Record excerpts: Begin
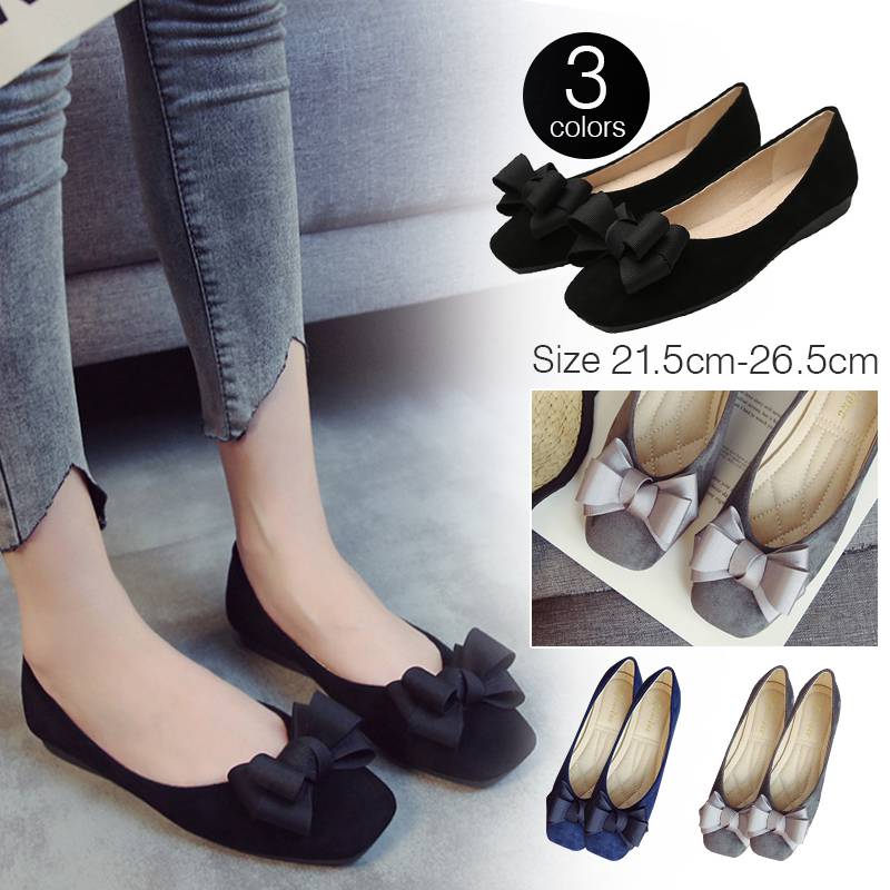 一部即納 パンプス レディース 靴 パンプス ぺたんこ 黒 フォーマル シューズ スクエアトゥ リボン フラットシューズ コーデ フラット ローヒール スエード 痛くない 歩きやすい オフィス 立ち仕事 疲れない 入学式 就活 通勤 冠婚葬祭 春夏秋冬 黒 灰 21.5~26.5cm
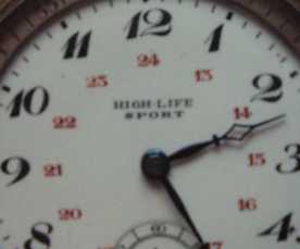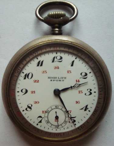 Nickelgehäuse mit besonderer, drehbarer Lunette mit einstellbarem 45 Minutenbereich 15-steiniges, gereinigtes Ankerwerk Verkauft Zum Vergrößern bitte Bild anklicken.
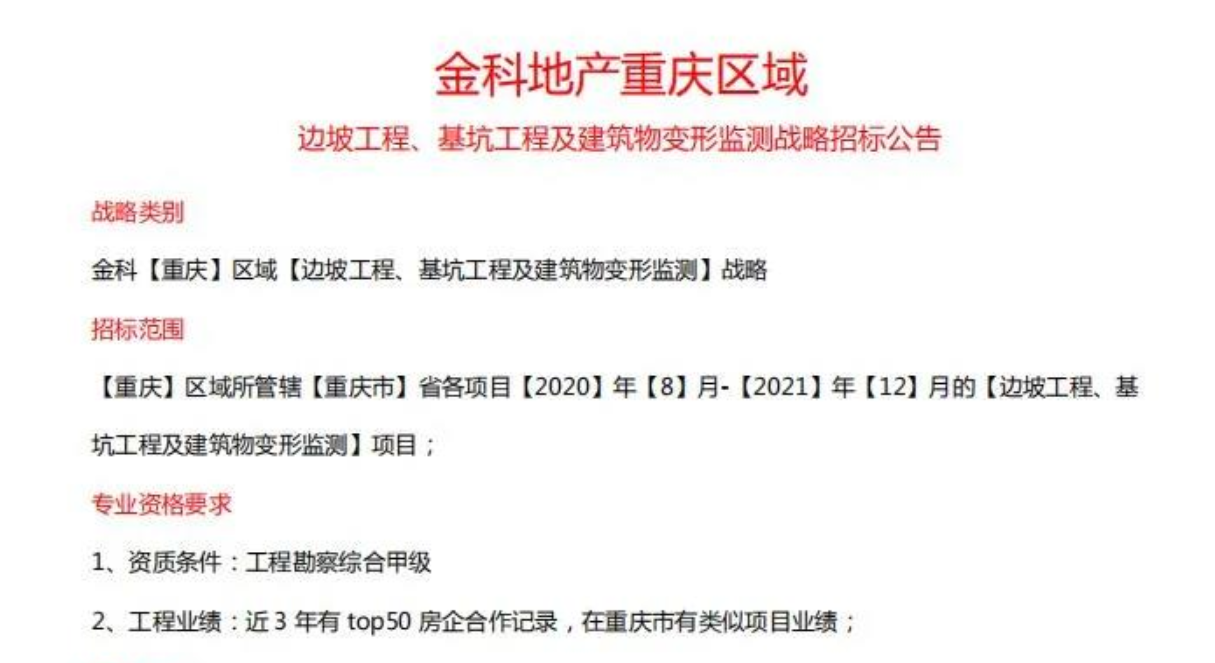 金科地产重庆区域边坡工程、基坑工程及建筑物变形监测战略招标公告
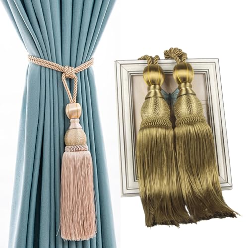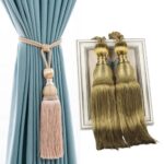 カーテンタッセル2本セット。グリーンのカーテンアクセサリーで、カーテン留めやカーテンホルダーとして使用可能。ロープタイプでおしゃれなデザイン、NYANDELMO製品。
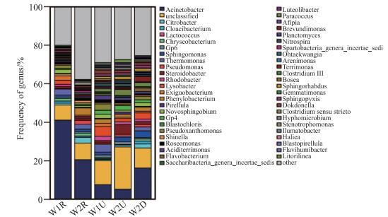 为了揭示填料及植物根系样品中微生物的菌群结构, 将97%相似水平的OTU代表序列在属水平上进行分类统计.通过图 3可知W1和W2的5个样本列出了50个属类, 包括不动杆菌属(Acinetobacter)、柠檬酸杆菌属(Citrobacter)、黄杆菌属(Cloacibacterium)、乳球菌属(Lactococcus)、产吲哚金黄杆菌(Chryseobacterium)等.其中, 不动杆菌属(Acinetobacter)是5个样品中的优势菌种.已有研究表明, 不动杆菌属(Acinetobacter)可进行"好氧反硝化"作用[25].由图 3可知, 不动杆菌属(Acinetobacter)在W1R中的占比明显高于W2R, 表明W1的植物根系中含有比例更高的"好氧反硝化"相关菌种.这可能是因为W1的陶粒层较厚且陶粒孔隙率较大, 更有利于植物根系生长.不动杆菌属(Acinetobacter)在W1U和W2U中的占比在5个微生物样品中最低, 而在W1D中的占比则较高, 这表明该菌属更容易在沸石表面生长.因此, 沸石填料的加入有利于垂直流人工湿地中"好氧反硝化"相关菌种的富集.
Record excerpts: End
• Prompt: In the copy, leave out all pictures, and retype exactly each line from the one with "Nickelgehäuse mit besonderer, drehbarer" through the last line of the entries.

• Output below:
 Nickelgehäuse mit besonderer, drehbarer Lunette mit einstellbarem 45 Minutenbereich 15-steiniges, gereinigtes Ankerwerk Verkauft Zum Vergrößern bitte Bild anklicken.
 金科地产重庆区域边坡工程、基坑工程及建筑物变形监测战略招标公告
 カーテンタッセル2本セット。グリーンのカーテンアクセサリーで、カーテン留めやカーテンホルダーとして使用可能。ロープタイプでおしゃれなデザイン、NYANDELMO製品。
 为了揭示填料及植物根系样品中微生物的菌群结构, 将97%相似水平的OTU代表序列在属水平上进行分类统计.通过图 3可知W1和W2的5个样本列出了50个属类, 包括不动杆菌属(Acinetobacter)、柠檬酸杆菌属(Citrobacter)、黄杆菌属(Cloacibacterium)、乳球菌属(Lactococcus)、产吲哚金黄杆菌(Chryseobacterium)等.其中, 不动杆菌属(Acinetobacter)是5个样品中的优势菌种.已有研究表明, 不动杆菌属(Acinetobacter)可进行"好氧反硝化"作用[25].由图 3可知, 不动杆菌属(Acinetobacter)在W1R中的占比明显高于W2R, 表明W1的植物根系中含有比例更高的"好氧反硝化"相关菌种.这可能是因为W1的陶粒层较厚且陶粒孔隙率较大, 更有利于植物根系生长.不动杆菌属(Acinetobacter)在W1U和W2U中的占比在5个微生物样品中最低, 而在W1D中的占比则较高, 这表明该菌属更容易在沸石表面生长.因此, 沸石填料的加入有利于垂直流人工湿地中"好氧反硝化"相关菌种的富集.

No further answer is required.